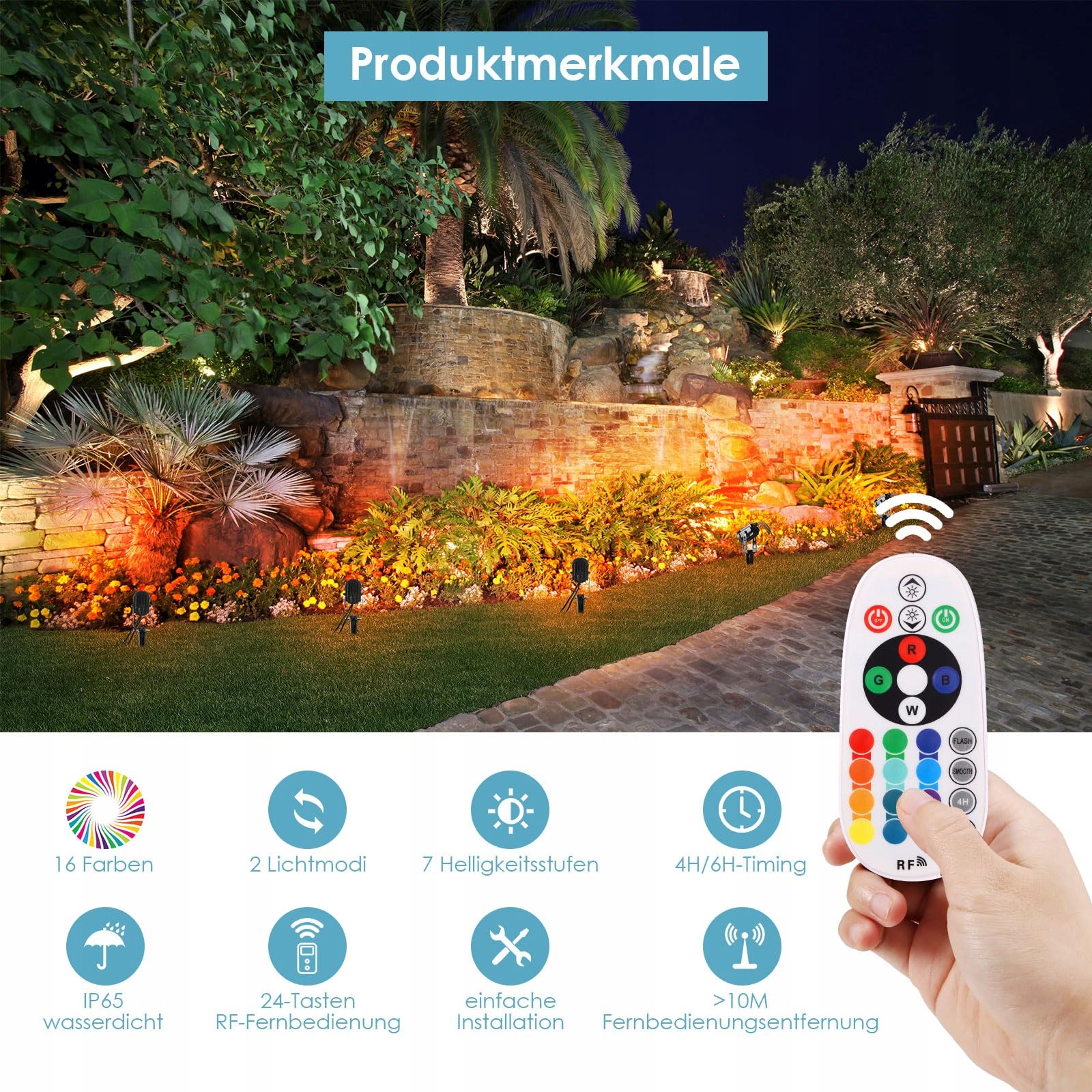 ECOWHO RGB oświetlenie ogrodowe LED z pilotem i timerem, wodoodporne reflektory ogrodowe RGB IP65 z zasilaniem, 21M oświetlenie ogrodowe z kołkiem do ziemi na zewnątrz do ogrodu, trawnika, drzew, ścieżek, imprez i stawu (6 sztuk)
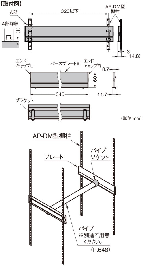 - 取付ける棚柱の間隔は320mm以下としてください。
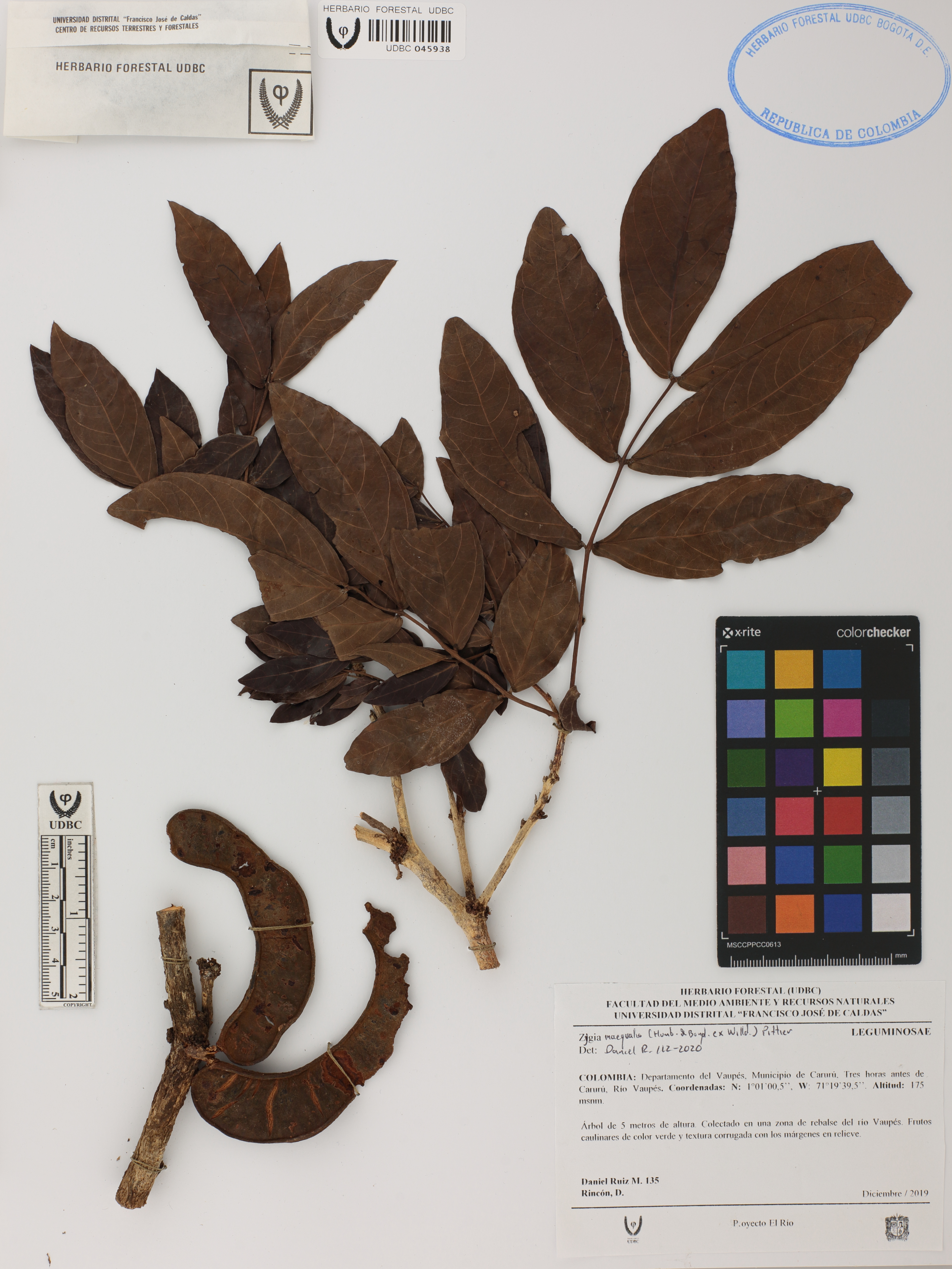 Fotografía del ejemplar Ruiz, D. 135, determinado como Zygia inaequalis en el año 2020

========

--- Task details ---
Each line of the data is to be duplicated exactly; pictures stay out of the copy.

--- Output for this exercise ---
 ECOWHO RGB oświetlenie ogrodowe LED z pilotem i timerem, wodoodporne reflektory ogrodowe RGB IP65 z zasilaniem, 21M oświetlenie ogrodowe z kołkiem do ziemi na zewnątrz do ogrodu, trawnika, drzew, ścieżek, imprez i stawu (6 sztuk)
 - 取付ける棚柱の間隔は320mm以下としてください。
 Fotografía del ejemplar Ruiz, D. 135, determinado como Zygia inaequalis en el año 2020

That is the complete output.